*PROVIDED DATA*:
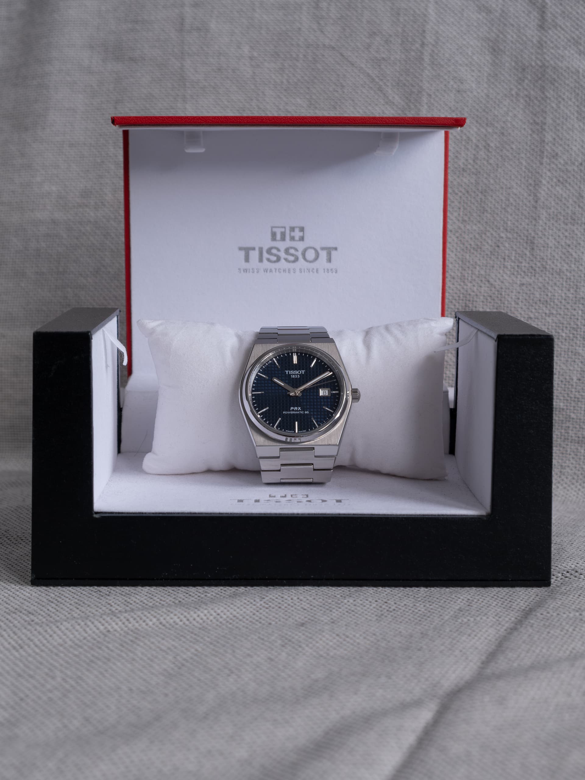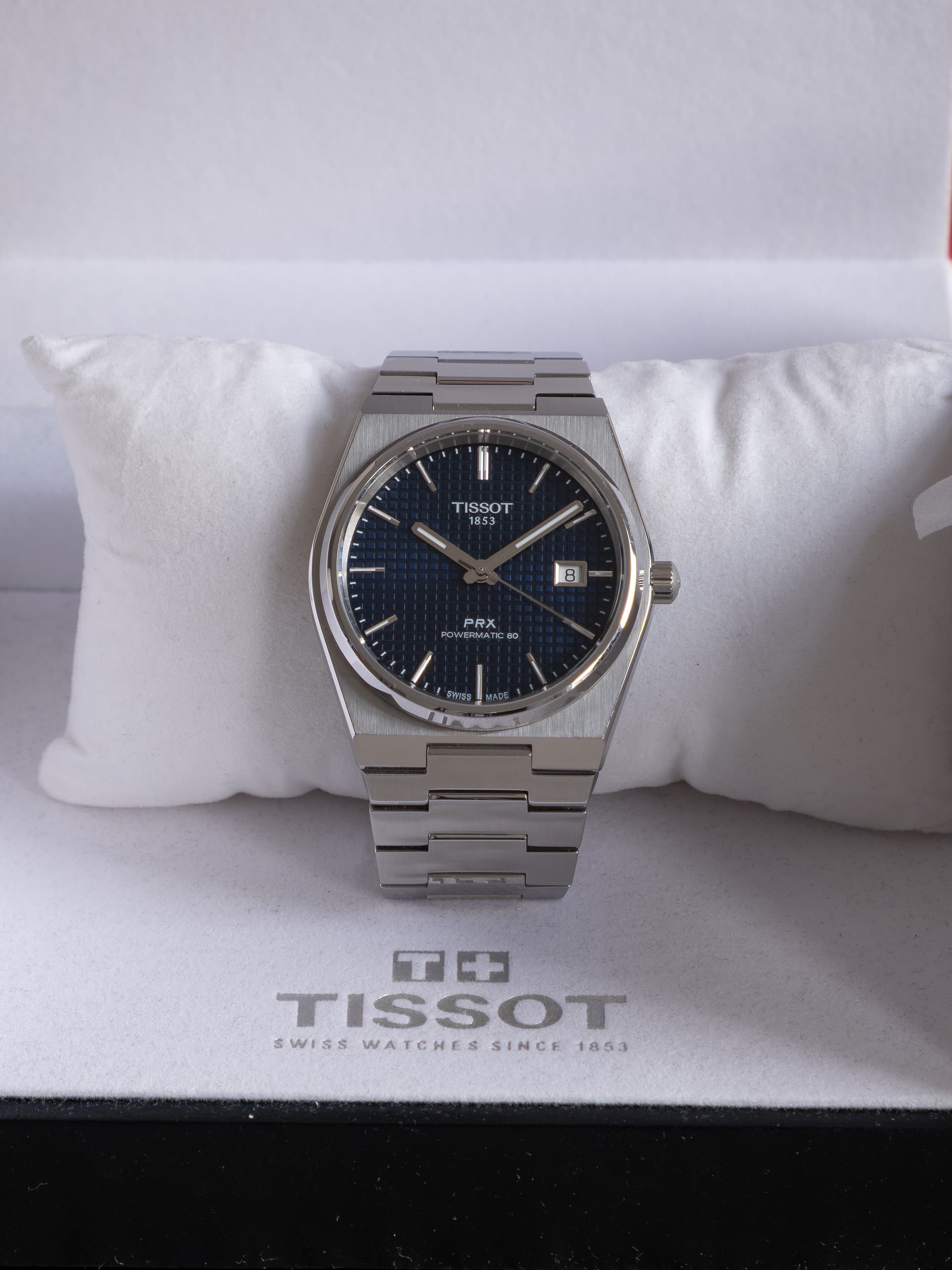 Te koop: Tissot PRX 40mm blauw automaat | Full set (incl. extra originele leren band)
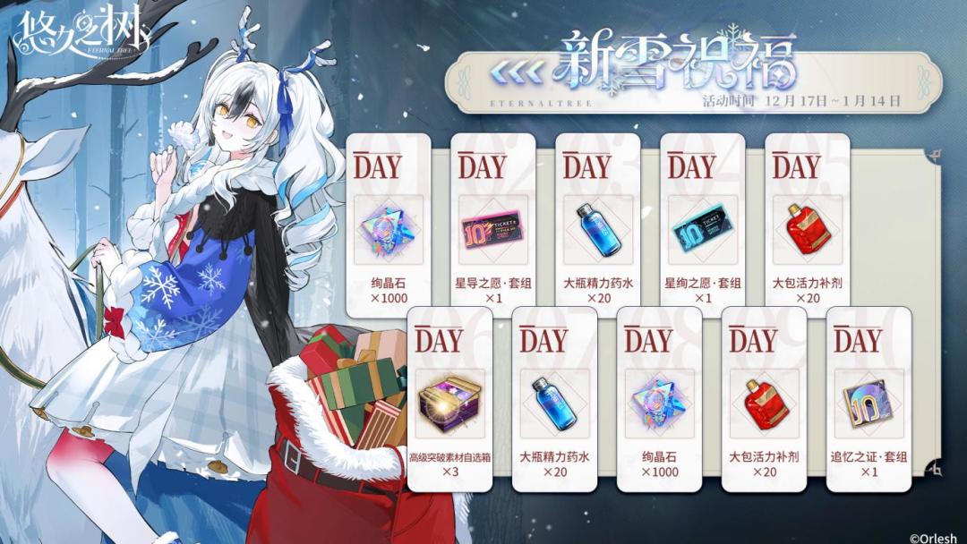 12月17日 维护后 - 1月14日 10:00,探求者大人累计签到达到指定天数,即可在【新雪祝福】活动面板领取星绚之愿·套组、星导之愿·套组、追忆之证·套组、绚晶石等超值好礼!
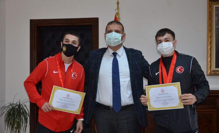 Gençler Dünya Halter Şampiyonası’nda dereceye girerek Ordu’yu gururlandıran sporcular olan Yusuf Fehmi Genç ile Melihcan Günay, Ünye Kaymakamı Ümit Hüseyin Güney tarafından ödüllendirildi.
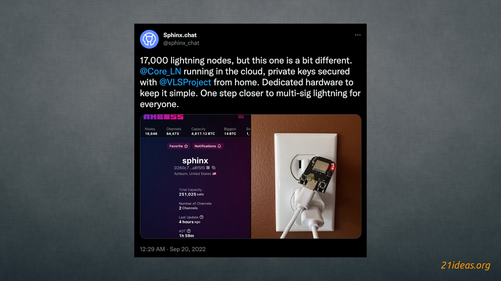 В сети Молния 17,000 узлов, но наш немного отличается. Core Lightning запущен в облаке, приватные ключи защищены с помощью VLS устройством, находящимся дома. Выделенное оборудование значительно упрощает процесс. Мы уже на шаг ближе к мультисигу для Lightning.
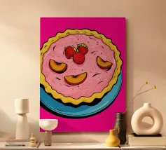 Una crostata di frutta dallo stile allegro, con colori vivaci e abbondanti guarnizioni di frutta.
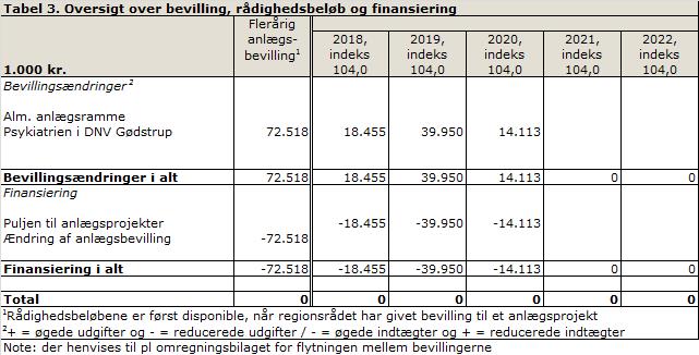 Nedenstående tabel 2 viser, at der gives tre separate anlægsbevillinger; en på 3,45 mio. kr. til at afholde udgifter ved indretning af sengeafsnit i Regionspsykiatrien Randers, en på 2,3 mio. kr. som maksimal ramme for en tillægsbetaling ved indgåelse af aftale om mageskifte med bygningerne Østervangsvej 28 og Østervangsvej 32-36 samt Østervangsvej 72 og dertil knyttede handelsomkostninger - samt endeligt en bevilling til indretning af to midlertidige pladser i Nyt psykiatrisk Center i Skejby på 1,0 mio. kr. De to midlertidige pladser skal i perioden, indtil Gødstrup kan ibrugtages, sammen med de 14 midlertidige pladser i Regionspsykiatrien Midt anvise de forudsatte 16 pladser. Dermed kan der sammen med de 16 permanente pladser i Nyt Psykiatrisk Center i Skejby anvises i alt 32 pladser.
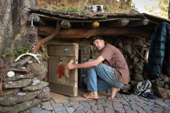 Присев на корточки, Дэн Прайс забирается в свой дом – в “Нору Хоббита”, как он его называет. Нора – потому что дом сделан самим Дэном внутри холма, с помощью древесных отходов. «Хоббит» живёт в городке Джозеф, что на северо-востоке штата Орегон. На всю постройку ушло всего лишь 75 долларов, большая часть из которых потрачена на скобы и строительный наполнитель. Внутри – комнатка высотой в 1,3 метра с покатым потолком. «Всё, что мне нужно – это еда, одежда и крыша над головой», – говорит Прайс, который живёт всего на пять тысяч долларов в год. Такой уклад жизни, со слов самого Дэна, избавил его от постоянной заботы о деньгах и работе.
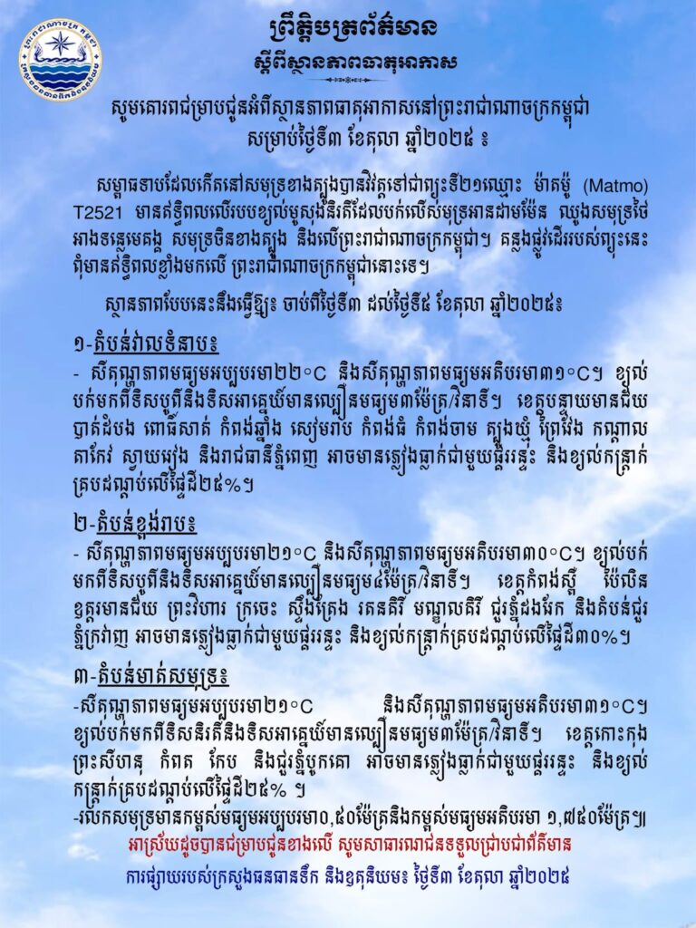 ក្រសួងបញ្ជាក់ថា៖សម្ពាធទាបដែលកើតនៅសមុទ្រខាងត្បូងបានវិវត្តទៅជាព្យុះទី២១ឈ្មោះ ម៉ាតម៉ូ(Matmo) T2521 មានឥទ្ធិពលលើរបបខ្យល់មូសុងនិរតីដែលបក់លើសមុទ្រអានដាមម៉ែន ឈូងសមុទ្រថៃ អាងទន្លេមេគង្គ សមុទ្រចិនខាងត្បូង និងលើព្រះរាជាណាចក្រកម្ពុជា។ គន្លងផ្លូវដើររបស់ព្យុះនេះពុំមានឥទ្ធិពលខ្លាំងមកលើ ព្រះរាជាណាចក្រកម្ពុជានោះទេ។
---
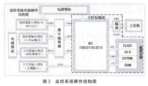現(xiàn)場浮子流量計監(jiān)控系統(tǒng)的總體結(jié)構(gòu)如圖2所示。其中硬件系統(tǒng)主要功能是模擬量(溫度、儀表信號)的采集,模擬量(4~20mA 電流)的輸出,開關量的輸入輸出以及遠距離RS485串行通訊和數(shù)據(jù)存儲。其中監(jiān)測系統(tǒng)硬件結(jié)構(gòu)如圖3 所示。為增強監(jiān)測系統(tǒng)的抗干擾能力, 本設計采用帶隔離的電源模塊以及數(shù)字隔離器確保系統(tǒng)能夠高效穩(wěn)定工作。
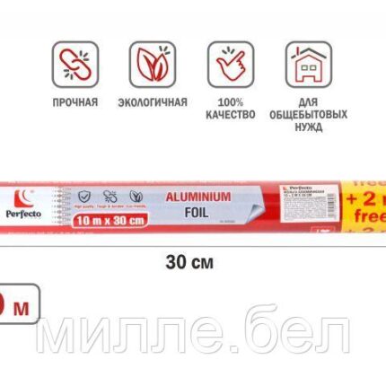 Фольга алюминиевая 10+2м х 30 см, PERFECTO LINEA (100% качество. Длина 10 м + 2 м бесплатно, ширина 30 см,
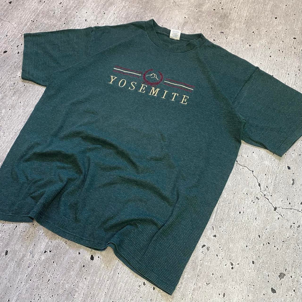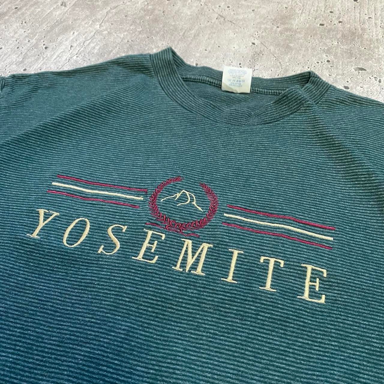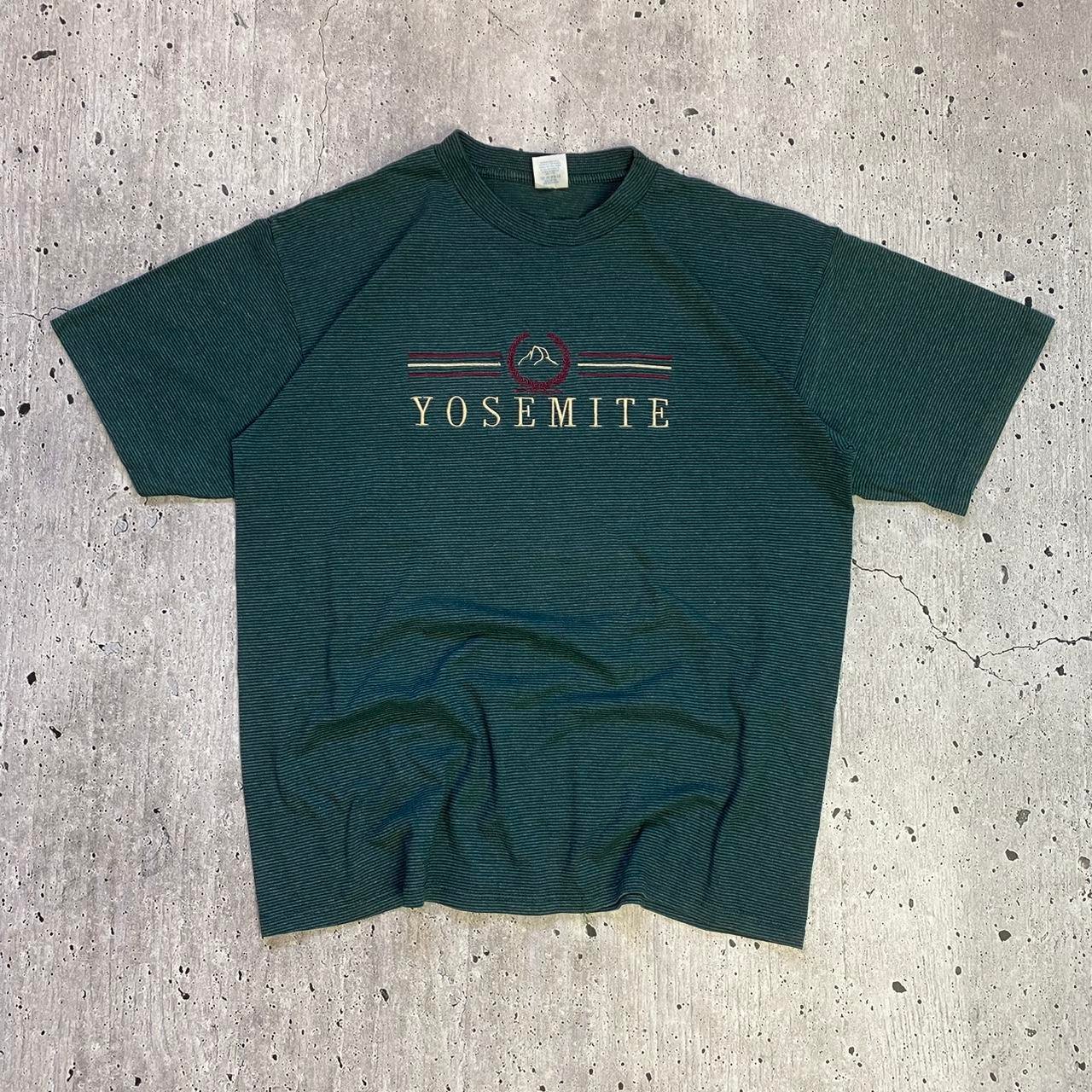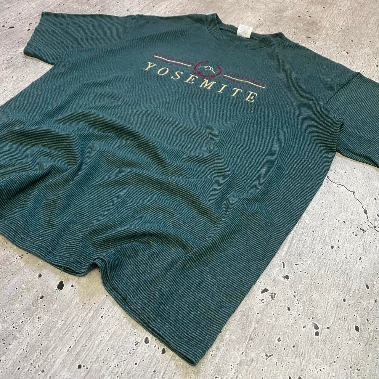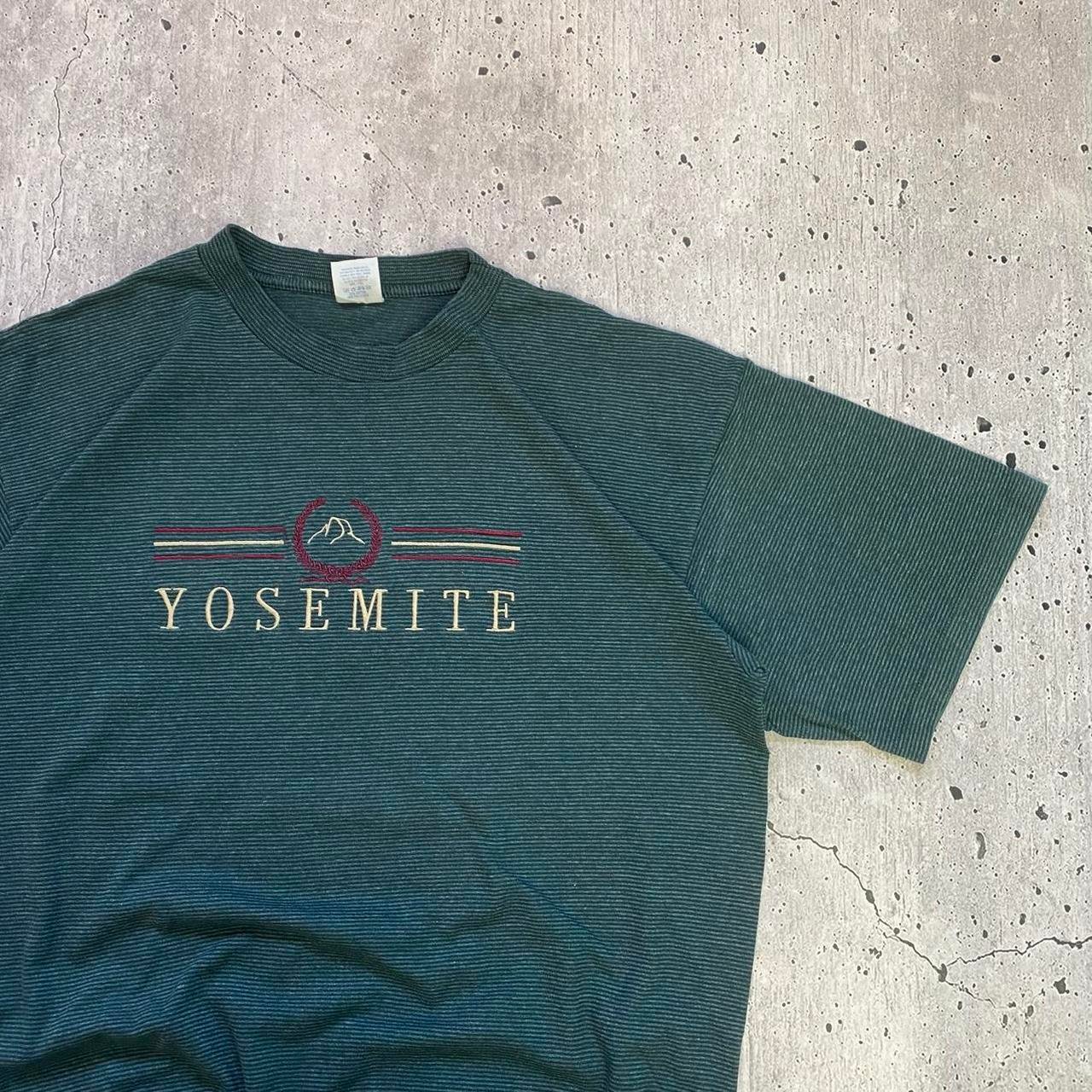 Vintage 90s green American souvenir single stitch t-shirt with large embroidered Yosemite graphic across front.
* * *
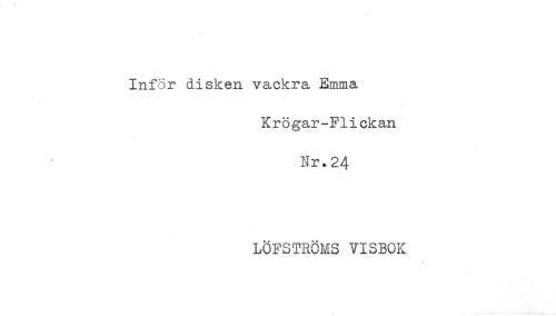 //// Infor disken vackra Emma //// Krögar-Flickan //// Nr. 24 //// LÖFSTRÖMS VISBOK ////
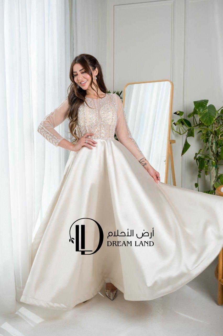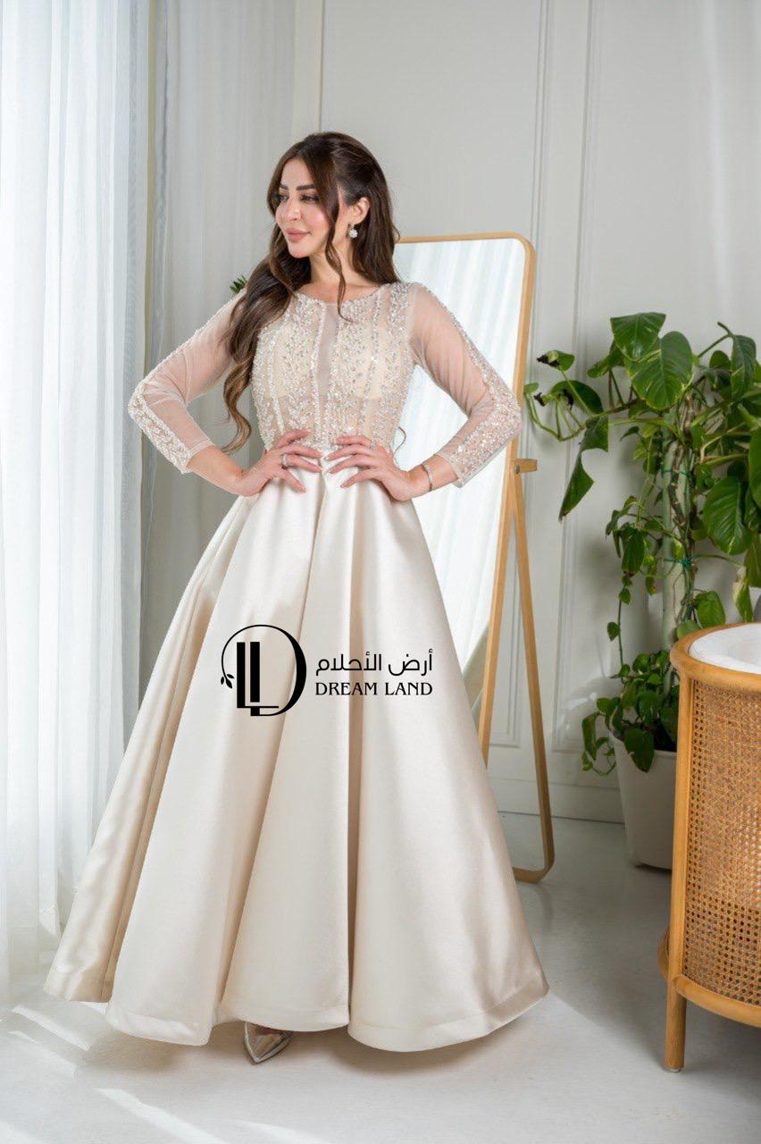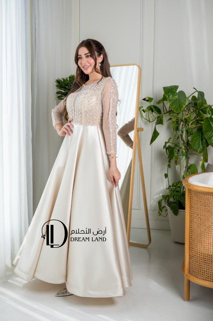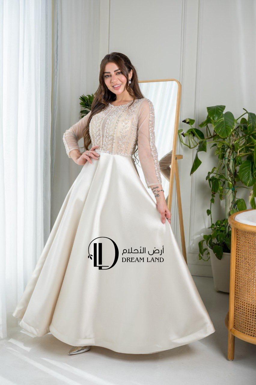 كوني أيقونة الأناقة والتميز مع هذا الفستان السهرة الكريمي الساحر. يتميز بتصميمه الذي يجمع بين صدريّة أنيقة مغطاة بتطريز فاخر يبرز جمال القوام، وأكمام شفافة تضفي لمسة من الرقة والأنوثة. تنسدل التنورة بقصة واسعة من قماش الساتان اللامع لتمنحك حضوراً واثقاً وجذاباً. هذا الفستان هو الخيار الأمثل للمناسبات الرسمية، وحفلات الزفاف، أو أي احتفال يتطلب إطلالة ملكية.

*INSTRUCTIONS FOR THE TASK*: Leave out the images and write out the lines above exactly, from the one with "Te koop: Tissot" up to and including the one with "Nedenstående tabel 2".

*RESULT*:
 Te koop: Tissot PRX 40mm blauw automaat | Full set (incl. extra originele leren band)
 12月17日 维护后 - 1月14日 10:00,探求者大人累计签到达到指定天数,即可在【新雪祝福】活动面板领取星绚之愿·套组、星导之愿·套组、追忆之证·套组、绚晶石等超值好礼!
 Gençler Dünya Halter Şampiyonası’nda dereceye girerek Ordu’yu gururlandıran sporcular olan Yusuf Fehmi Genç ile Melihcan Günay, Ünye Kaymakamı Ümit Hüseyin Güney tarafından ödüllendirildi.
 В сети Молния 17,000 узлов, но наш немного отличается. Core Lightning запущен в облаке, приватные ключи защищены с помощью VLS устройством, находящимся дома. Выделенное оборудование значительно упрощает процесс. Мы уже на шаг ближе к мультисигу для Lightning.
 Una crostata di frutta dallo stile allegro, con colori vivaci e abbondanti guarnizioni di frutta.
 Nedenstående tabel 2 viser, at der gives tre separate anlægsbevillinger; en på 3,45 mio. kr. til at afholde udgifter ved indretning af sengeafsnit i Regionspsykiatrien Randers, en på 2,3 mio. kr. som maksimal ramme for en tillægsbetaling ved indgåelse af aftale om mageskifte med bygningerne Østervangsvej 28 og Østervangsvej 32-36 samt Østervangsvej 72 og dertil knyttede handelsomkostninger - samt endeligt en bevilling til indretning af to midlertidige pladser i Nyt psykiatrisk Center i Skejby på 1,0 mio. kr. De to midlertidige pladser skal i perioden, indtil Gødstrup kan ibrugtages, sammen med de 14 midlertidige pladser i Regionspsykiatrien Midt anvise de forudsatte 16 pladser. Dermed kan der sammen med de 16 permanente pladser i Nyt Psykiatrisk Center i Skejby anvises i alt 32 pladser.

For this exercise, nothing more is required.